_Your task:_ Please reproduce the listing word for word. Pictures stay out.

_Raw data:_
□ □ □ □ □ □ □

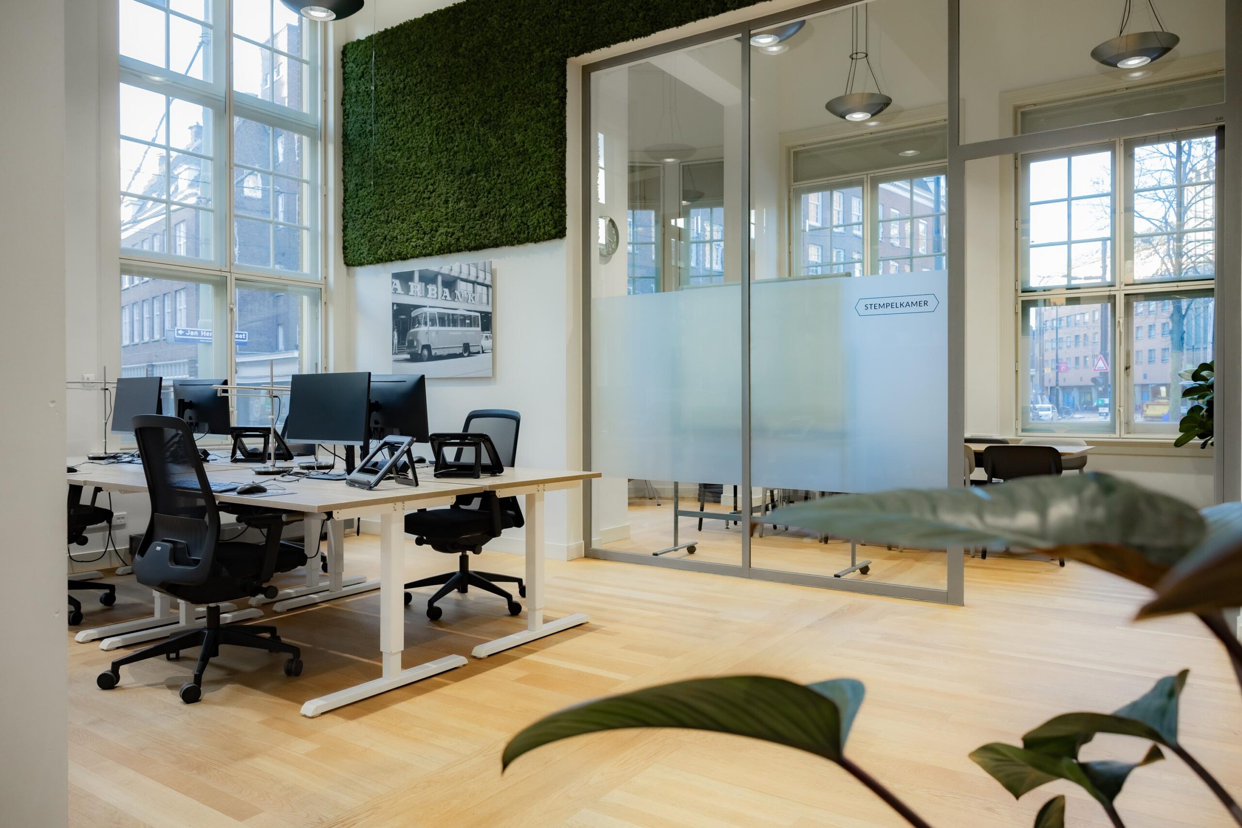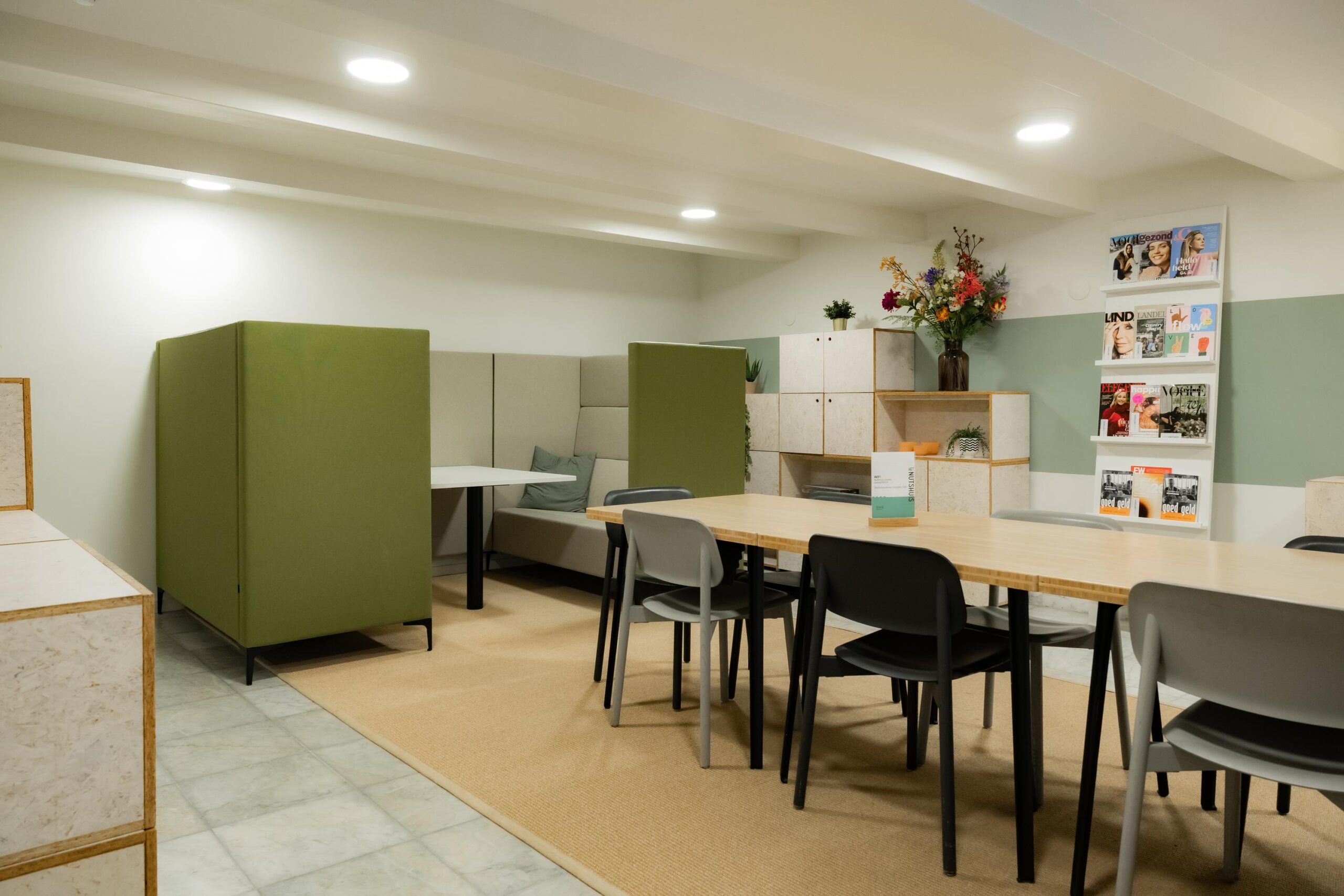 Voor € 25,- per dag huurt u een flexwerkplek, inclusief onbeperkt koffie en thee, in een stille en sfeervolle ruimte met veel natuurlijke lichtinval. De bureaus zijn in hoogte verstelbaar, de stoelen ergonomisch en de WiFi snel. Ook kunt u gebruikmaken van belcellen en printfaciliteiten.
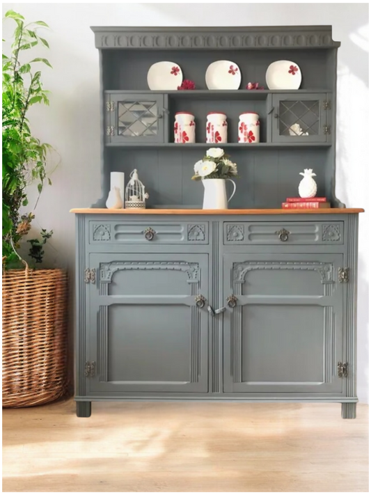 Large Solid Oak Dresser painted Black With Oak Pegs And Storage
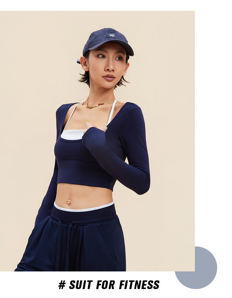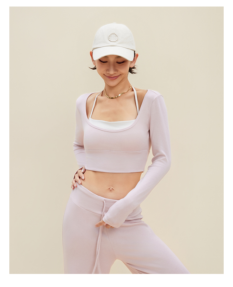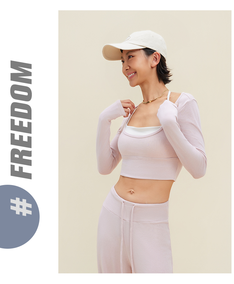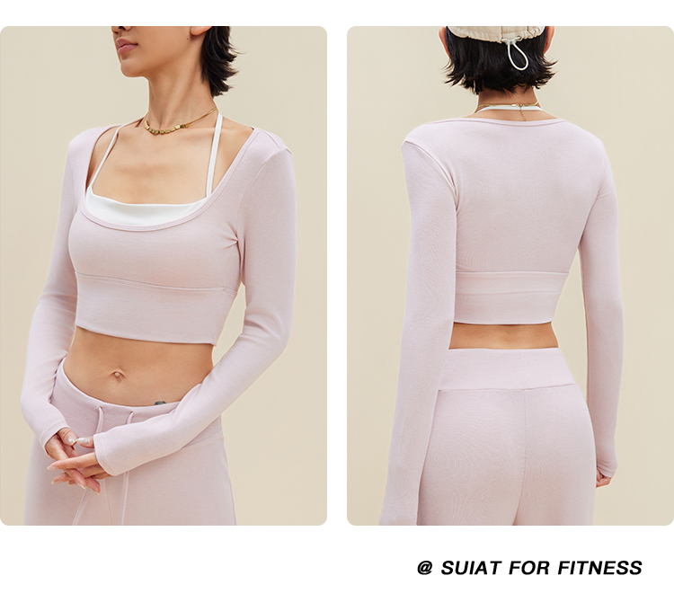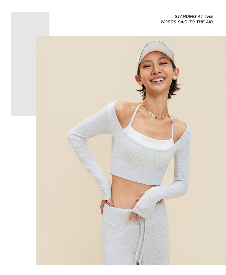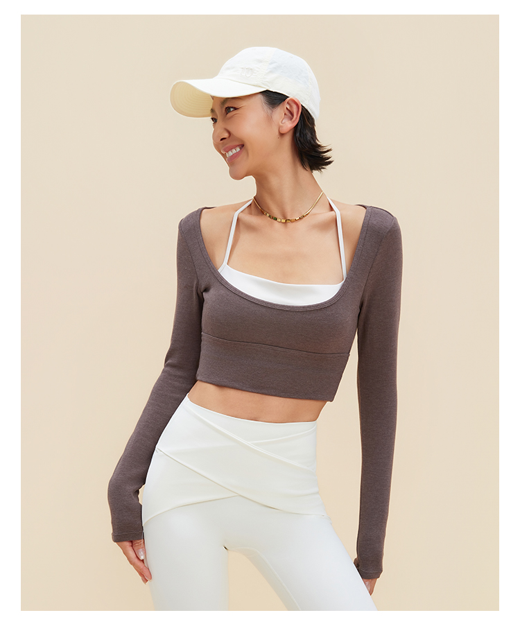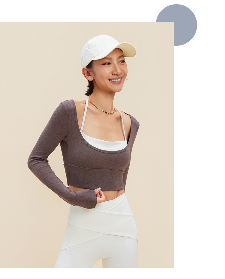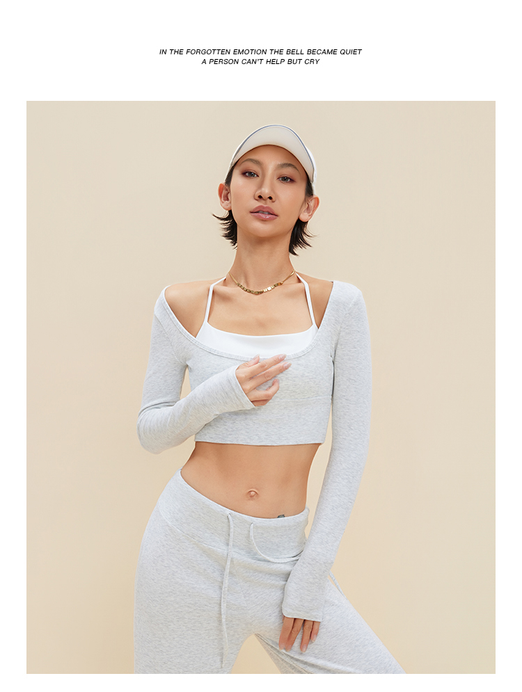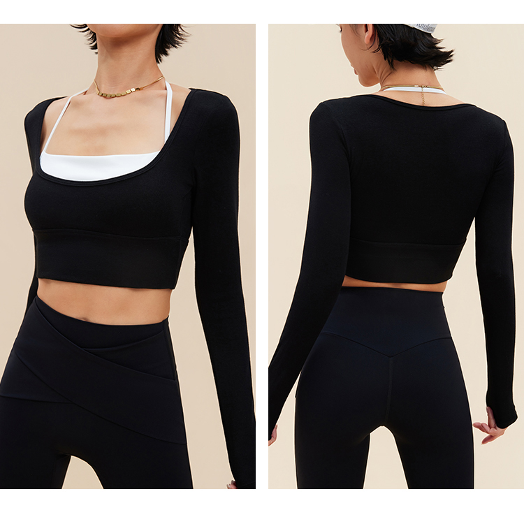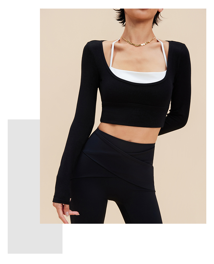 跃牌【禅语梵心】裸感撞色瑜伽服长袖半固定杯跑步修身运动文胸CX5589

□ □ □ □ □ □ □

_Solution below:_
 Voor € 25,- per dag huurt u een flexwerkplek, inclusief onbeperkt koffie en thee, in een stille en sfeervolle ruimte met veel natuurlijke lichtinval. De bureaus zijn in hoogte verstelbaar, de stoelen ergonomisch en de WiFi snel. Ook kunt u gebruikmaken van belcellen en printfaciliteiten.
 Large Solid Oak Dresser painted Black With Oak Pegs And Storage
 跃牌【禅语梵心】裸感撞色瑜伽服长袖半固定杯跑步修身运动文胸CX5589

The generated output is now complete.